As for the holiday feast, we have a progressive holiday feast on Sunday, we all agreed to have an all day eating fiesta, so instead of gathering on one place for dinner and everybody bring a dishes, we split into two places and have two family host each gathering. So we started our Sunday at 11 am with brunch at one friend’s house hosted by the homeowner and one other friends. It was so delish!! We have tons of pastry stuff (one of my friend is Hmong French so she cooks lots of French food) we have Mussels, Salmon, sandwiches and chicken, fruit tarts, etc..  I was so full and they even joked to moved dinner to 8 pm because they were all so full.

Dinner is my turn, I actually host it with one other friend and we do it at her house, however my friend is on an early stage of pregnancy and she really have a rough one. So she can’t cooked anything literally! So I cooked all the heavy stuff and all she need to do is preparing the eatery stuff, the utensil, drinks and salads. I made Roast Turkey, Roast Beef, bakes pasta and sautéed shrimp and mixed veggies, I also bakes a Christmas cake for dessert. I literally do all by myself cooked to feed about 20 – 30 people. I was so worried that we don’t have enough or it didn’t come up right etc… at the end it all went very well and they told me that I actually graduated to be a Nyab Hmong – I think it meant a good Hmong daughter in law. My husband and I was laughing so hard when they all say that. Laughing aside, I take it as a great compliment!

We really had a marvelous time together on Sunday. I love being among them, there’s nothing pretentious on our relationship,  it is mostly laughter that we shared I’m not going to lie, of course we also have our share of argument and tears but at the end we all become such a great friends that we put all aside. I think we truly become a family.

I hope you guys have just a lovely time as I was over the past weekend. Here’s to a great and successful 2012!!

Ps, sorry I haven’t got any time to load pictures yet, but I will and will share them soon.

Very blessed

I have been neglected this blog! The old ages excuses, busy with things…. 🙂

Little recap of what’s been happening (if you interested hehehe 🙂 )

We went to WI to see the family for thanksgiving. We had a great time! When we’re there we also drive around in Madison looking for area we’re thinking of moving into. As the times get closer, I get so excited over the idea of moving to WI and actually look forward to.

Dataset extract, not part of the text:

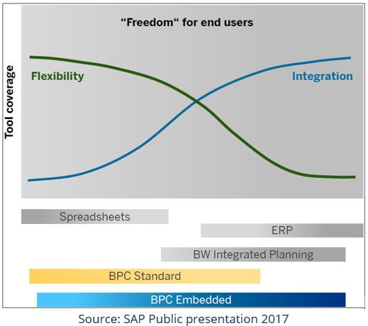 With SAP BPC 11 we will find the balance between Flexibility and Integration, which means the tool covers many functionalities that will give the “Freedom” for the end users, but also the possibility of a high integration.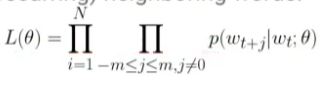 - 수식은 모든 단어들에 대해(i) 주변 단어들(j)에 대한 확률을 모두 곱하는 것을 의미

My husband finishes his student teaching and all of his students did a little farewell party for him. The school district where he teaches is one of the challenging school district. He was in for quite a surprise when he first started. At the beginning of the program he would come home mentally exhausted of his students’ conditions and their environment. He also faces a lot of challenge with their behavior and their parent’s lack of interest on their child! At the end, all the students gave him a well sent off and he told me some event cry and wrote him the most beautifully written thank you note. He just realize that his most difficult students is actually the one that he touches the most and have a hard time saying good bye to. He told me they are the reason why he became a teacher.

Tyra & Kalia…. Oh dear, where do I start? So many activities with so many accomplishments. One of my proudest moments is when Tyra’s awarded with an honor student the “Awesome Antelope” certificate and ‘Big Cheese” few weeks later. She went to Antelope Ridge and”Awesome Antelope” is an award they gave to their students to went and accomplished above and beyond academically. In Tyra case, she excels in Math! The certificate was given to her in a little ceremony with the principal.

Tyra is awsome Antelope

 

She’s also chosen to be the Big Cheese just few weeks later. Big Cheese is a stuffed mouse animal that the class has as “pet”.  Students that have good behavior and attitude are allowed to take it home for a week and wrote a journal on their activities. Tyra is so excited when she can be the Big Cheese and took him everywhere with her. At the end of the week the class also does a book on why Tyra is chosen to be the Big Cheese. It is so cute to see what her other classmate wrote about her.

December flew by too fast for me. As a tradition we also adopt a family for the holiday, this time we get a family with three boys! I always have a hard time shopping for boys so this particular tradition is a challenging one for me. It is all good though. I also took Tyra to do the shopping and pick up the toys and the clothes and also to pick up the wrapping paper. She kinda got disappointed because we can’t wrap them; it is part of the rule for Inter-Faith organization. But overall she has a great time and understands the meaning behind us adopting the family and I hope she see the important of it. I think she does, I gave her little gift over the weekend and she told me not to spend too much money on her because Santa will give her gift and I should save my money to give to other kids. Awww…..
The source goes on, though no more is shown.